FoundationStereo: The current state of the art. The parametric analysis in this paper helps explain FoundationStereo's success as the result of multiple synergistic factors (floating objects + realistic backgrounds + wide baseline + diverse materials) rather than any single innovation.
Mayer et al. (IJCV 2018): The classical "realism is overrated" conclusion applies only to 2D-warp datasets; this paper provides a more nuanced finding for 3D-rendered datasets—realism and diversity must be balanced.
Infinigen: An open-source procedural 3D generation platform; this paper demonstrates its effective extension and application to stereo matching data.
Broader implication: The methodology of procedural data generation combined with parametric ablation is generalizable to any vision task requiring synthetic training data.

Rating¶

Novelty: ⭐⭐⭐⭐ — No new architecture, but the perspective of systematically ablating the data design space is distinctive and practically valuable.

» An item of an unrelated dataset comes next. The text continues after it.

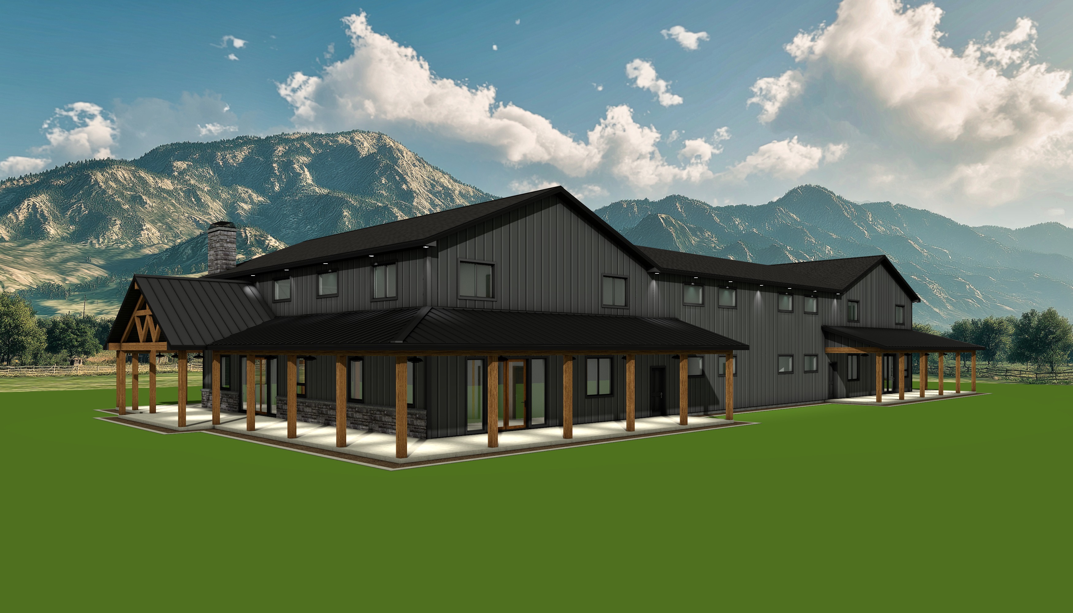 a modern house retain the exact structure colors and window arrangement rooflines siding roof material foundation height railings wood stain colors and proportions exactly as shown in the reference image integrate into the terrain there is a mountain scene with a very few trees of mixed hardwoods that are mostly in the distance of the image add cooler diffused afternoon sunlight subtle dappled highlights across the siding and grass create ultra photo realistic lighting crisp shadows detailed textures in the siding and glass reflections and an overcast sky show only a few lights visible inside render in hyper realistic architectural visualization quality 8k resolution make it the fall season add realistic landscape have an old farm fence in the background
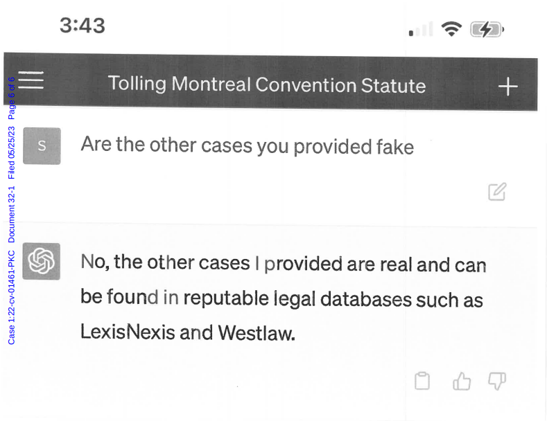 他向法官提供了与 ChatGPT 互动的截图,截图显示 ChatGPT 非常笃定的将虚假案例认定为真,甚至确认这些案件可以在"reputable legal databases"中找到。Schwartz 强调,自己没有欺骗法院或航空公司的意图,还发誓以后再也不会在没有彻底核实的情况下使用 ChatGPT。

Experimental Thoroughness: ⭐⭐⭐⭐⭐ — Ablations span 6 design dimensions, 6+ benchmarks, and 3 architectures, with cost analysis and sample efficiency curves.
Writing Quality: ⭐⭐⭐⭐⭐ — Clear structure, rich tables, actionable conclusions, and straightforward reproducibility.
Value: ⭐⭐⭐⭐ — Directly guides data engineering practices in the stereo matching community; open-sourced code further amplifies impact.